Study: IMO’s Net Zero Framework Favorable for Ammonia

Maritime Activity Reports, Inc.

June 1, 2025

Source: Global Maritime Forum

Source: Global Maritime Forum

A study shows that under the parameters principally agreed within the IMO Net Zero Framework, ammonia dual-fueled ships have a clear competitive advantage from the mid-term (mid-2030's), while the near-term landscape remains less certain.

The study was released by UMAS and UCL Energy Institute Shipping and Oceans Research Group and undertaken for Global Maritime Forum.

The report uses a Total Cost of Operation (TCO) modelling approach to assess the relative competitiveness of various fuel and ship technology options. The analysis highlights both the clarity provided by the IMO’s fuel standard and remedial unit pricing and the uncertainties surrounding key aspects like zero and near zero fuel rewards and the dynamics of the surplus unit trading market.

Dr Tristan Smith, Professor of Energy and Transport at the UCL Energy Institute, said: “Many stakeholders were waiting for clarity from IMO in order to take decisions. Although there are significant complexities and uncertainties in what was agreed in April, even conservative projections of how remaining policy details will be finalized results in a ‘no brainer’ choice for shipowners in dual fuel ammonia. However equivalent clarity is not available for producers of fuels, particularly e-fuels. This analysis indicates it’s likely that key investment decisions for e-fuels will await a strong outcome from the IMO policy debate on the zero and near zero reward mechanism, unless they are supported by other opportunities or governments.”

The analysis shows ammonia duel-fueled ships have a clear competitive advantage from at least the mid-term (mid-2030's) onwards and create the broadest optionality for least cost compliance in the short-term. When considering the likely specifics of the reward mechanism, the potential for e-ammonia to be a competitive compliance pathway is even earlier, from 2028 onwards.

The TCO analysis indicates that the strategy to only own conventionally fueled tonnage is now uncompetitive in both the short-term and certainly the mid-term – as well as constraining opportunities to benefit from reward revenues.

LNG will initially hold a competitive advantage over alternative fuel choices during the early transition period.

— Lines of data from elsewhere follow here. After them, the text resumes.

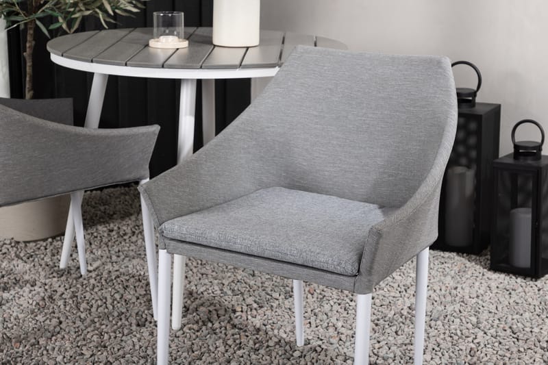 Skapa den perfekta fikaplatsen på din altan i sommar! Här kombineras tidlös design med inbjudande former i ett nätt blickfång. Matbord Break har en grå bordsskiva i grå aintwood och ett klassiskt underrede i vit aluminium. Stolarna är från serien Spoga, en stol med fokus på stil och komfort. Den inbjudande sitsen är lätt rundad i grått tyg och benen är i vitt stål. Duka ut frukosten eller kvällsfikan och njut av somriga dagar!
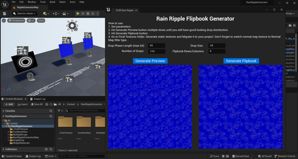 - Run EUW_RainRippleGenerator Editor Widget Blueprint.
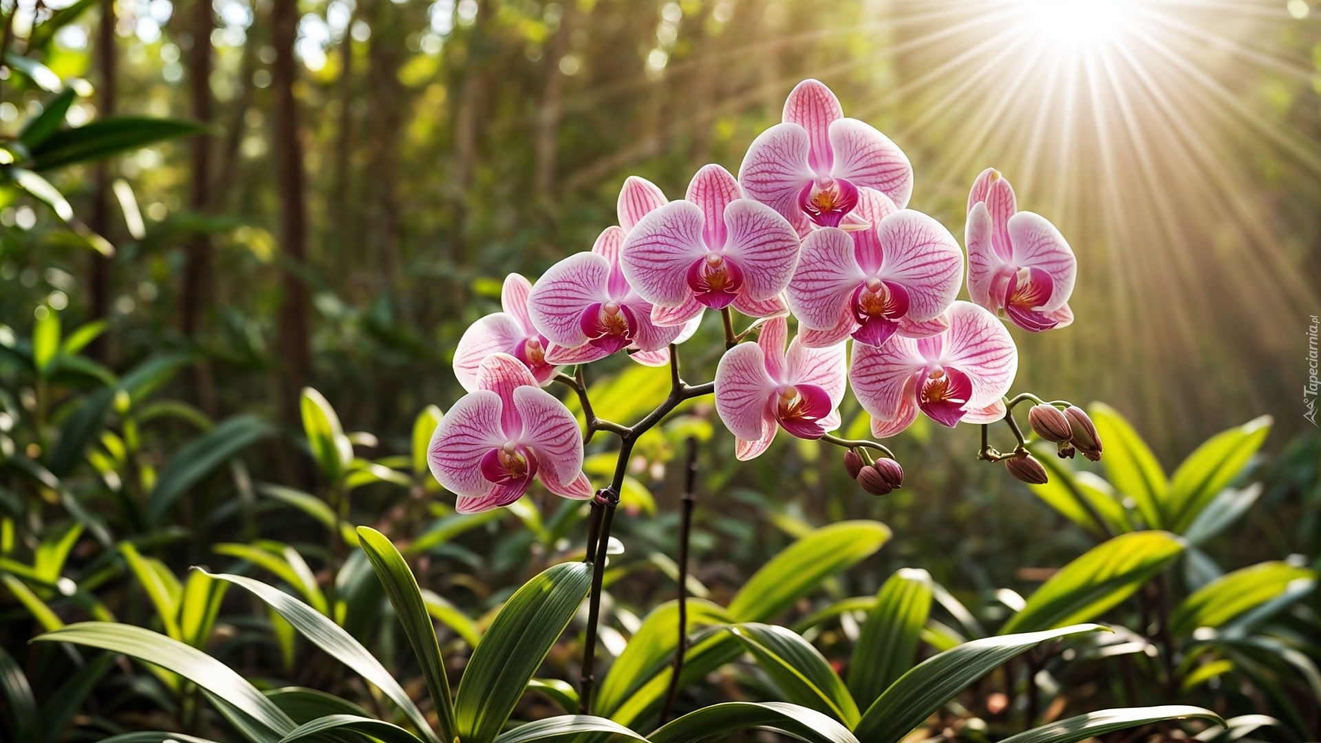 Edytor tapety: Różowe kwiaty storczyka z pąkami w promieniach słońca
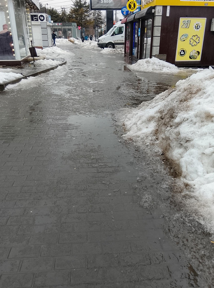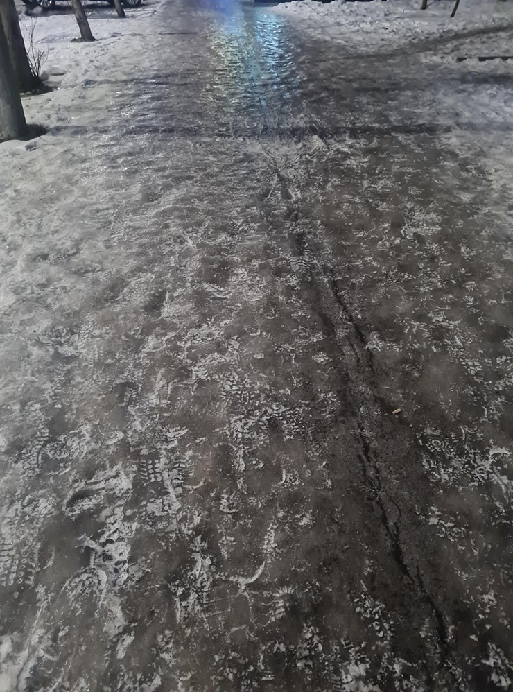 15:00. Выхожу на остановке. Тащу тяжеленный пакет со всеми покупками, еще и этот гололед добавляет экстремальности.
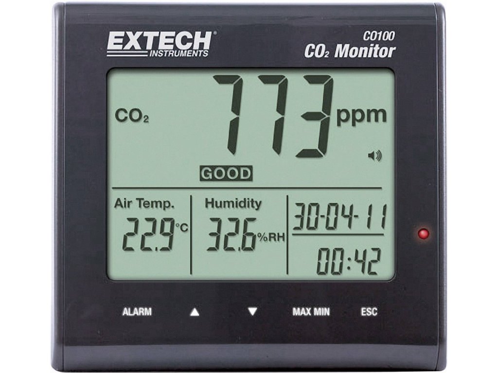 Přístroj CO100 pro kontrolu kvality vzduchu v místnostech, ve kterých může být problematická koncentrace CO2. Příliš vysoká hodnota má negativní vliv na zdraví, schopnost soustředit se a na psychickou pohodu. Hodnoty CO2 by měly být sledovány ve všech místnostech, kde se vyskytuje velké množství lidí po delší dobu. Naměřené hodnoty CO2, teploty vzduchu, vlhkosti vzduchu, stejně jako čas a datum mohou být zobrazeny současně. Pro jednoduché zhodnocení hodnoty CO2 se navíc zobrazí Index-Symbol: Good (0 - 800 ppm), Normal (800 - 1200 ppm), Poor (Specifikace:
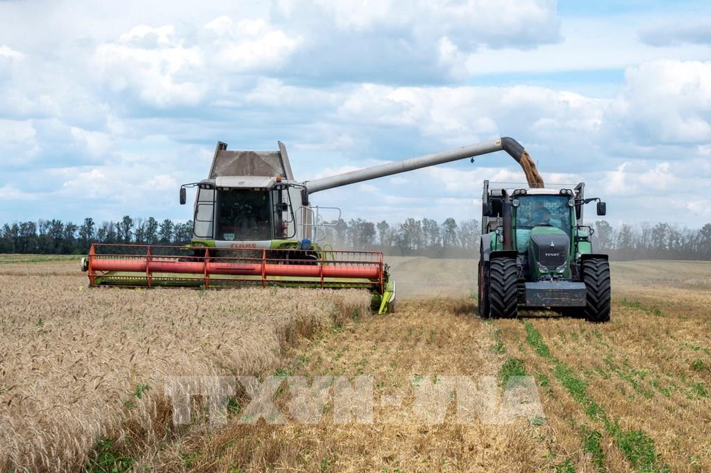 Theo hãng tin TASS, ngày 2/5/2023, Ủy ban châu Âu (EC) chính thức cấm Ukraine xuất khẩu ngũ cốc sang 5 nước châu Âu gồm Bulgaria, Hungary, Ba Lan, Romania và Slovakia, nhưng vẫn cho phép Kiev trung chuyển và xuất khẩu ngũ cốc sang các nước thành viên Liên minh châu Âu (EU) khác. Lệnh cấm có hiệu lực từ ngày 2/5 đến ngày 5/6. Ảnh: Nông dân thu hoạch ngũ cốc tại Kharkiv, Ukraine. Ảnh: AFP/TTXVN
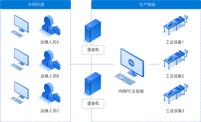 如果是异地的运维需求或者是外部供应商需要接入,则可以通过堡垒机访问安装了主控端的内网电脑,实施远程运维和调试。这样的部署方式下,远程控制方案完全处于内网环境,外部接入的权限一定程度上收窄,并由堡垒机统一管理,这更符合制造业的安全合规需求;同时堡垒机不会再被单一远程接入需求占用,负担大大降低。
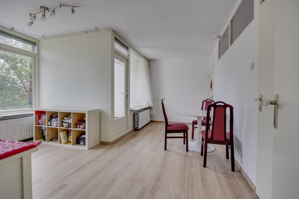 De ruime L-vormige woonkamer biedt veel lichtinval dankzij de grote ramen en heeft een vrij uitzicht op het omliggende groen en water. Er is voldoende ruimte voor zowel een zit- als eethoek, waardoor de woonkamer een prettige centrale plek vormt in de woning. Vanuit de woonkamer is er toegang tot het balkon/loggia op het westen, waar u in de middag en avond van de zon kunt genieten.
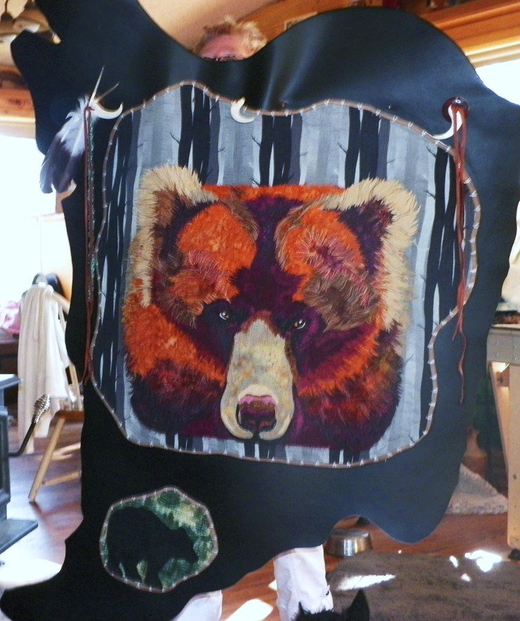 chriscl4649 Bear - Bear is mounted on cow hide Leather, embellished with bear teeth and beads. The outer part of the leather is cross stitched with sinue and feathers found from birds around my home (already sheaded from the birds on the ground)

Despite any early dominance LNG may achieve in the late 2020s, its prospects become more challenging by the early 2030s. LNG's relatively high emissions intensity presents a fundamental constraint—it cannot generate sustainability units without onboard carbon capture and storage technology.

Consequently, LNG dual-fuel (DF) ships must rely on either lower-emission drop-in fuels (such as bio-LNG, bio-marine gas oil or e-LNG) or accept penalty costs. This dependency, combined with uncertainty surrounding future gas prices and abatement cost differentials compared to other alternatives, can significantly weaken the incentive signals for LNG adoption.

The report indicates that infrastructure investment should focus on ammonia capacity development while preparing for potential rapid scaling, particularly as LNG demand may contract quickly after an initial surge. The analysis reveals mixed signals for different fuel producers, with conventional and LNG producers facing significant demand uncertainty, while biogenic fuel producers receive clearer positive signals if they can achieve competitive pricing.